■ **Work to complete**:
The answer must consist solely of the lines below starting at the one containing "帯で作成したバッグです。A4サイズの書類が入りますので、お稽古バッグにしても。" and ending at the one containing "大会第一项,全体起立,奏响共", repeated exactly, with both ends included and all pictures omitted.

■ **Supplied entries**:
· · · · · · ·

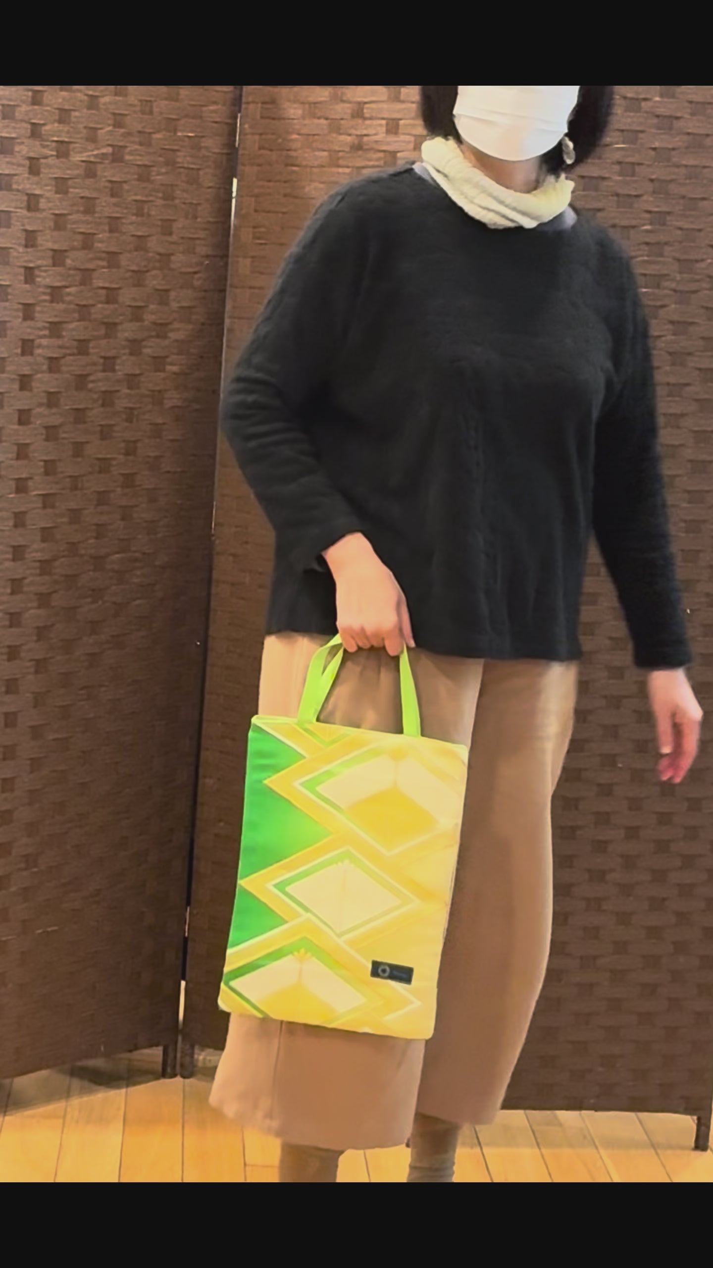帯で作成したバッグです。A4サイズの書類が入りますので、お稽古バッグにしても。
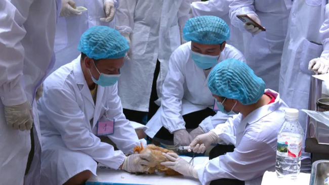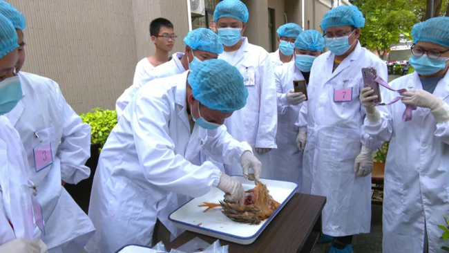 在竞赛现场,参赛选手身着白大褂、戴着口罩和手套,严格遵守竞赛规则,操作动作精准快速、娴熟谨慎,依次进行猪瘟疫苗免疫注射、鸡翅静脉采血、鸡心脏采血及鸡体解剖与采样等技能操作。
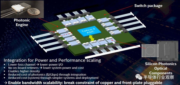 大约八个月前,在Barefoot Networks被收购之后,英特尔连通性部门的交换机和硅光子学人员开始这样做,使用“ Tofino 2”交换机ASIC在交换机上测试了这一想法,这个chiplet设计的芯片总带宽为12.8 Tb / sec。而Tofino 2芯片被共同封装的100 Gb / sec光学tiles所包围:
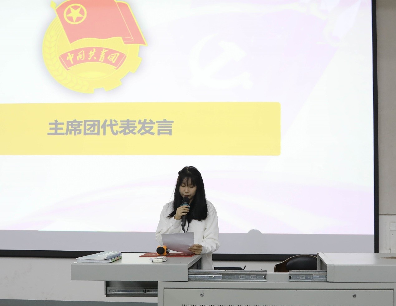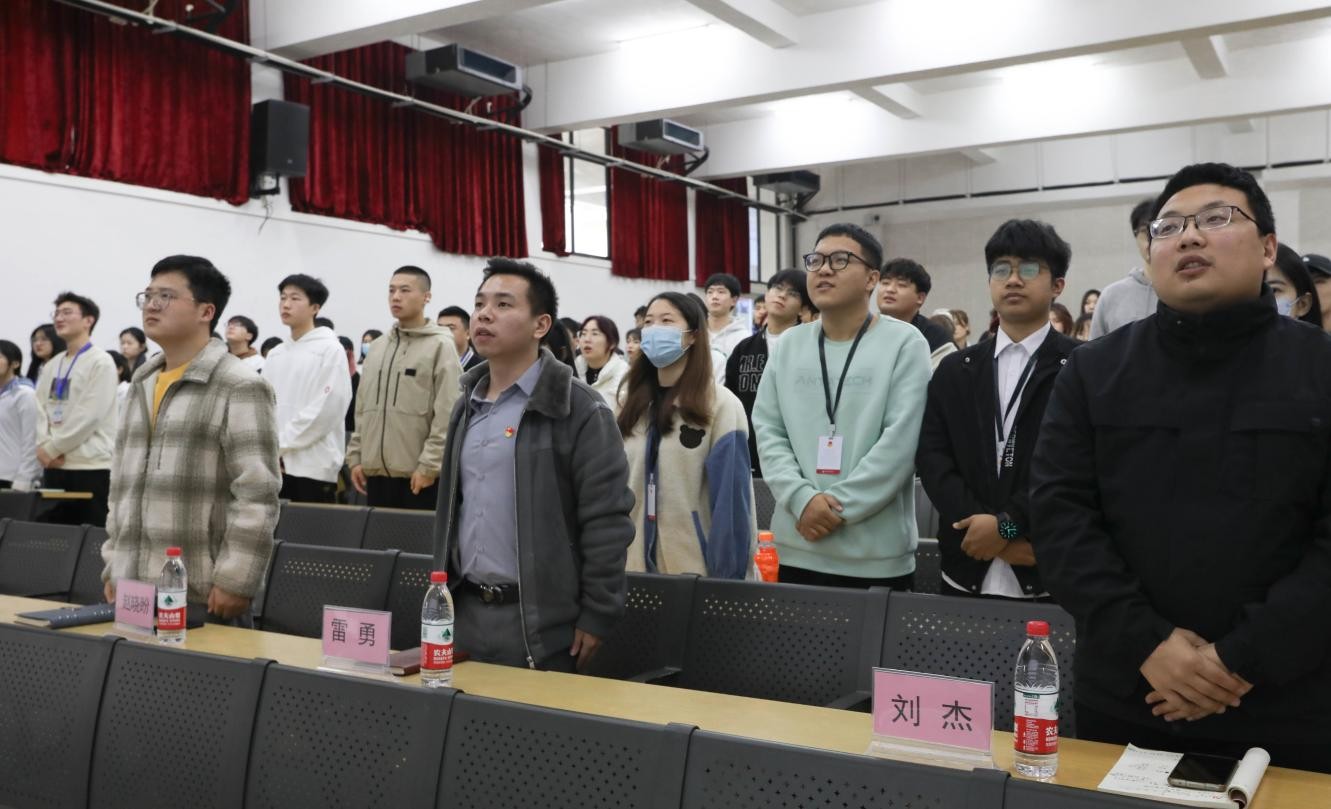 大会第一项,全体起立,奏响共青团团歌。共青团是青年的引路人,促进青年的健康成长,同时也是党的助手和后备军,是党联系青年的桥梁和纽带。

· · · · · · ·

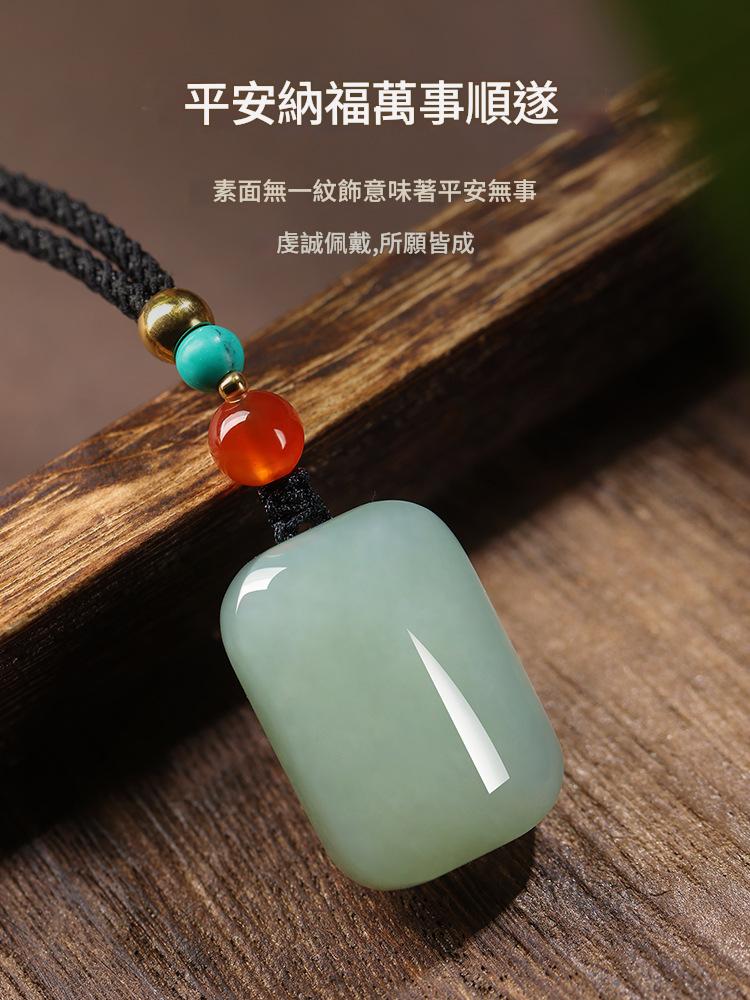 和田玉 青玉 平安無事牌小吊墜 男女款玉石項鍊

· · · · · · ·

■ **Answer section**:
帯で作成したバッグです。A4サイズの書類が入りますので、お稽古バッグにしても。
 在竞赛现场,参赛选手身着白大褂、戴着口罩和手套,严格遵守竞赛规则,操作动作精准快速、娴熟谨慎,依次进行猪瘟疫苗免疫注射、鸡翅静脉采血、鸡心脏采血及鸡体解剖与采样等技能操作。
 大约八个月前,在Barefoot Networks被收购之后,英特尔连通性部门的交换机和硅光子学人员开始这样做,使用“ Tofino 2”交换机ASIC在交换机上测试了这一想法,这个chiplet设计的芯片总带宽为12.8 Tb / sec。而Tofino 2芯片被共同封装的100 Gb / sec光学tiles所包围:
 大会第一项,全体起立,奏响共青团团歌。共青团是青年的引路人,促进青年的健康成长,同时也是党的助手和后备军,是党联系青年的桥梁和纽带。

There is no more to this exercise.